No pensó jamás que él sería capaz de llevar el juego hasta el punto de obligarla a extender la mentira entre su familia y amigos.

Cuando les dijo a sus padres que se iría a Indonesia a cuidar orangutanes, la madre se fue a llorar al jardín y el padre le dijo que él siempre había sospechado que ella terminaría haciendo alguna estupidez con su vida.

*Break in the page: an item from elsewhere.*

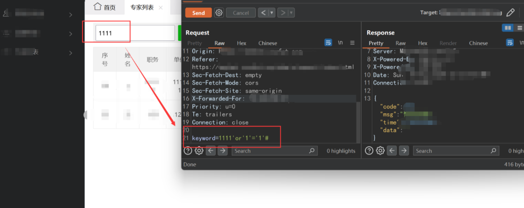 下面看到该站点存在查询接口,一般看到这样的,很常见的手法就是测一个sql注入,先尝试一个手工注入吧,在bp里面测试

Los días siguientes tuvo que hacer aún más averiguaciones porque sus padres se habían creído de tal manera el viaje que parecían complotados con Esteban en esto de presionarla para confesar. La madre era una máquina sin pausa: que a qué parte de la selva iba, que cómo se llamaba la ONG, que cómo eran las habitaciones allá, que tuviera cuidado con los negros, bueno, con los chinos o con los indochinos… que si tenía que vacunarse, si ya se había vacunado, que por favor averiguara por las enfermedades endémicas y la gripe aviar también.

Cuando fue al médico intentó convencerlo de fingir un certificado explicándole la mentira, pero el hombre se encrespó tanto que finalmente ella se levantó la manga y dejó que la pinchara cinco veces.

Pensó en decirle la verdad a su mejor amiga, quizás ella podría ayudarla a quebrar a Esteban; pero decidió que mejor no. A Karina le costaba mucho mantener un secreto. Así que la fiesta de despedida fue un melodrama. Amigos, familia y Esteban —que incluso había llevado una torta gigante con forma de King Kong— lloraron porque iban a extrañarla. Esteban se quedó hasta el final y ayudó a limpiar. Antes de irse le preguntó si podía llevarla al aeropuerto. Sin dudas esperaba que ella respondiera que no para evitar que la descubriera al esquivar el embarque o al fingir que había perdido el avión. Su vuelo era a la madrugada y, solo para obligarlo a despertarse y manejar a las cinco de la mañana, ella le dijo que sí, que por supuesto, que le encantaría que la lleve. Sabía que una vez que estuvieran en el aeropuerto o incluso antes, cuando la viera bajar del ascensor de su edificio cargada con la valija, él le confesaría haber dudado de ella y le rogaría que se quede.

De vez en cuando piensa en Esteban y en cuán taimado resultó ser. Tal vez si hubiera descubierto antes cuán astuto era él, no lo habría dejado. Pero ahora está contenta; los orangutanes son muy inteligentes y amorosos, y también, descubrió, saben mentir.